FSU head coach Lonni Alameda met with the Tribe’s middle and high school girls in the team meeting room, where they discuss strategies, statistics and games, and gave them an inside look at the softball program.
“There is a lot of history and rich tradition from the people who played here in the past and from you guys, whose name we wear on our jerseys,” Alameda told the girls.
She described the board at the back of the room on which they evaluate every game. The team’s objectives include having quality at-bats, getting lead-off outs on defense and not having back-to-back failed plays, she said.
The strategies have paid off with a 24-4 record halfway through the season. The Seminoles are ranked 11th in the country by ESPN.com/USA Softball.
Alumni player Carol O’Domski, 1980-81, who tagged along for the meeting, was impressed by the board and wanted the Seminole girls to know it.
“The four-plus run column is filled with yeses,” said O’Domski, of Key Largo. “That is coaching and dedication by the players. You are at the FSU complex and not many people get this tour by the head coach.”
Alameda wanted Seminole kids to understand what playing at the college level entails.
“Kids can make it here as a walk-on if they are motivated,” she said. “When they get around student athletes they see they are normal people and may think they can do it, too.”
The Tribal girls also toured the athletic facilities – including the baseball and football stadiums, the locker room and the weight and conditioning rooms shared by all teams – with FSU player Rylan Harvey.

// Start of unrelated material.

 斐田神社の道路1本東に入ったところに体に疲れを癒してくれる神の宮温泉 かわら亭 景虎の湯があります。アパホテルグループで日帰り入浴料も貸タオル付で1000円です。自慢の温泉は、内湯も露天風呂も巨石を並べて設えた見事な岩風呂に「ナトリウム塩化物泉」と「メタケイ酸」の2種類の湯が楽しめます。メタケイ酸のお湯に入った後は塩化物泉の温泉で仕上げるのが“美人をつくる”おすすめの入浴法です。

“I came here because of the coaches and it was the best decision I ever made,” said Harvey, a freshman. “We hang out together as a team, but it’s nice to have friends in other sports.”

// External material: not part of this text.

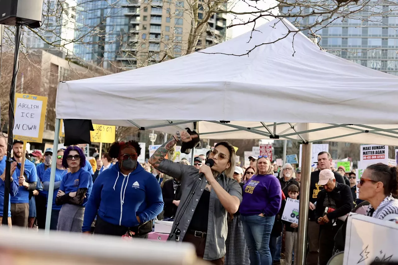 The rally began at Elizabeth Caruthers Park, a few blocks north of the ICE facility, around 3 pm. A roster of local union leaders spoke to the growing crowd, emphasizing the importance of solidarity among organized labor and marginalized groups currently being targeted by President Trump’s administration.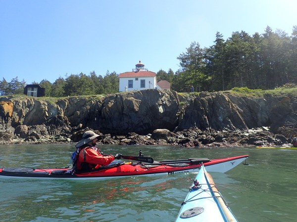 We had a short huddle since most of it had been covered in the itinerary and emails. We launched a little late at 0915. Alia told me before we launched that due to her minimal experience in Deception Pass she was hoping to go through at slack. We got out of the marina area, completed a radio check and I noticed some people coming down the cliffs on the headland. Then it was whipped around the point and into some eddies and chattering water to get into the current that was building fast and would push us over to Washington Park. We pulled out and some went to check out the new bathroom that replaced the Honey Buckets on the east side of the park. Then it was back into our boats to continue on in the rippling water on to Green Point and around Fidalgo Head. There wasn’t much action in the water or on it. There were a few distant kayakers that went into Burrows Bay while we continued on to Burrows Island. There was a crane outside one of the buildings at the lighthouse and we were surprised to see activity there. A guy came out and waved near the front. He told me that some work was going on to clean up the lighthouse; I guess it is time for its once in a decade or so cleanup.

In the evening, the group attended the doubleheader at the JoAnne Graf Field, named for the former Seminoles coach who guided the team from 1978-2008. Graf attended the game. Before the first pitch was thrown, the announcer introduced the Tribal softball players in the stands, as well as Graf, other former coaches and alumni players throughout the night.
FSU went on notch victories, 4-1 and 4-2.
“It was a really cool experience,” said Raven Frank, 16, who is considering attending FSU. “I was surprised by how many trophies they have and how huge they are.”
“I liked talking to the coach,” added Jaide Micco, 18. “She likes sporting our name on the jerseys; it made me feel good.”
JoAnn Ferrieri, who runs Rhino Softball and works with the Recreation Department to teach softball weekly on the reservations, organized the trip.
Ferrieri, who also played professionally in Europe and on the USA team that won a gold medal in the 1987 Pan American Games, would like to have these tours annually to expose girls to a higher level of play.
“We wanted to introduce them to what it looks like from the inside,” said Ferrieri, who played college softball at California State University, Fullerton. “My goal is to inspire kids to go to college, and softball is one way to do it.”